Source: nano-backtest/src/config.rs
LatencyConfig
pub struct LatencyConfig {
pub order_latency_ns: u64,
pub market_data_latency_ns: u64,
pub ack_latency_ns: u64,
pub jitter_ns: u64,
pub use_random_jitter: bool,
}
Fields
| Field | Type | Default | Description |
|---|
order_latency_ns | u64 | 100,000 | Order submission latency (nanoseconds) |
market_data_latency_ns | u64 | 50,000 | Market data reception latency (ns) |
ack_latency_ns | u64 | 100,000 | Order acknowledgment latency (ns) |
jitter_ns | u64 | 10,000 | Latency jitter std deviation (ns) |
use_random_jitter | bool | true | Enable random jitter simulation |
Constructor
default
Creates a default latency configuration modeling co-location environment.

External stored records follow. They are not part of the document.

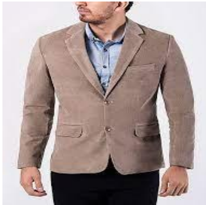
IMAGEN REFERENCIAL DEL SACO EN CORDUROY

MUESTRA: Para la presentación de la muestra física del uniforme de caballero (saco y pantalón), esta muestra debe cumplir con las especificaciones técnicas, la muestra se realizara en talla “M” el cual deberá ser presentado en la UGEL PUQUIO , un día (01) antes de la presentación de la propuesta electrónica . El no cumplimiento de las especificaciones técnicas en la confección del terno se considerará como NO ADMITIDA LA PROPUESTA.
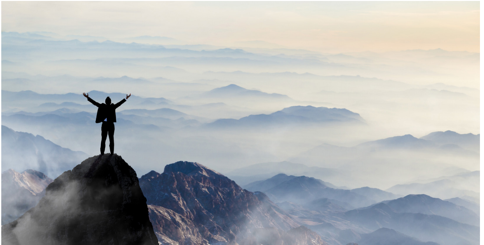
Reykbindindi er dæmt til að mistakast ef það er ekki hafid af réttum ástæðum. Mikilvægt er að hafa löngun til að hætta að reykja ef það á að takast.

Reykbindindi er dæmt til að mistakast ef það er ekki hafid af réttum ástæðum. Þú skalt hætta
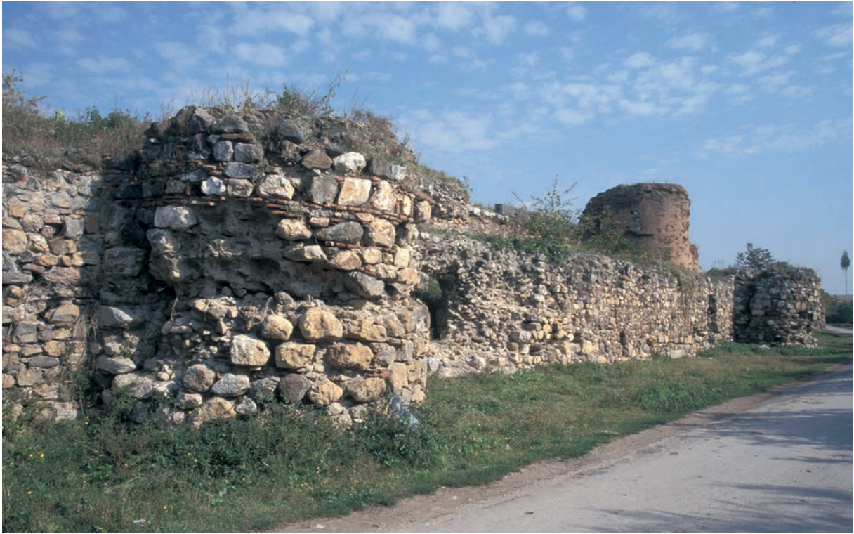
196 Nikaia, Vormauer Kaiser Iōannēs' III. Batatzēs mit Bastionen
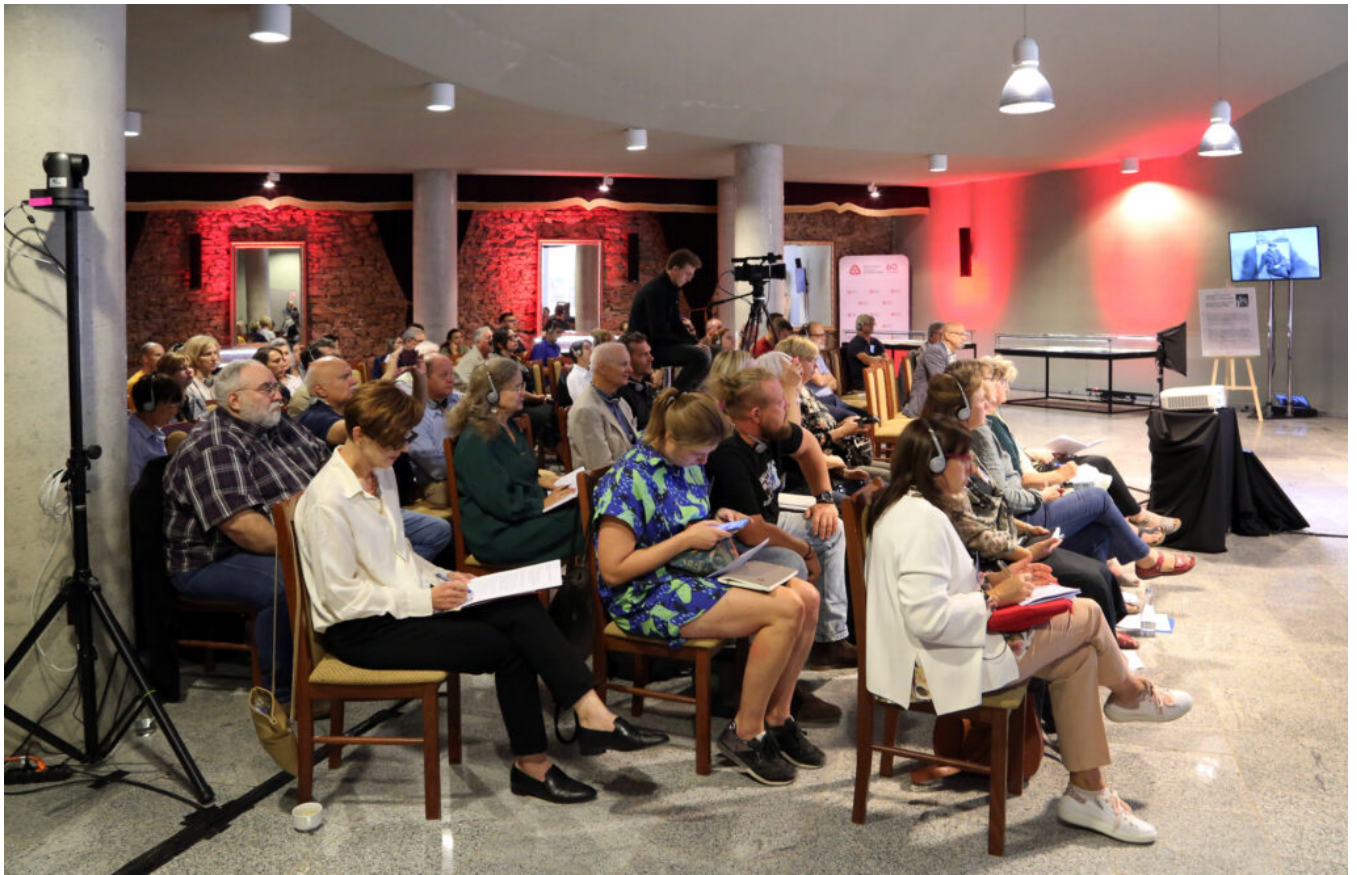
Międzynarodowa konferencja "Archeologia ogrodów historycznych", fot. NID/P. Kobek

impl Default for LatencyConfig
Default values:
- Order latency: 100μs (typical colo to exchange)
- Market data: 50μs (faster than orders)
- Acknowledgment: 100μs (round-trip to exchange)
- Jitter: 10μs standard deviation
- Random jitter: enabled
Example:
use nano_backtest::config::LatencyConfig;
let latency = LatencyConfig::default();
assert_eq!(latency.order_latency_ns, 100_000);
Field Details
order_latency_ns
Time from order submission to arrival at exchange.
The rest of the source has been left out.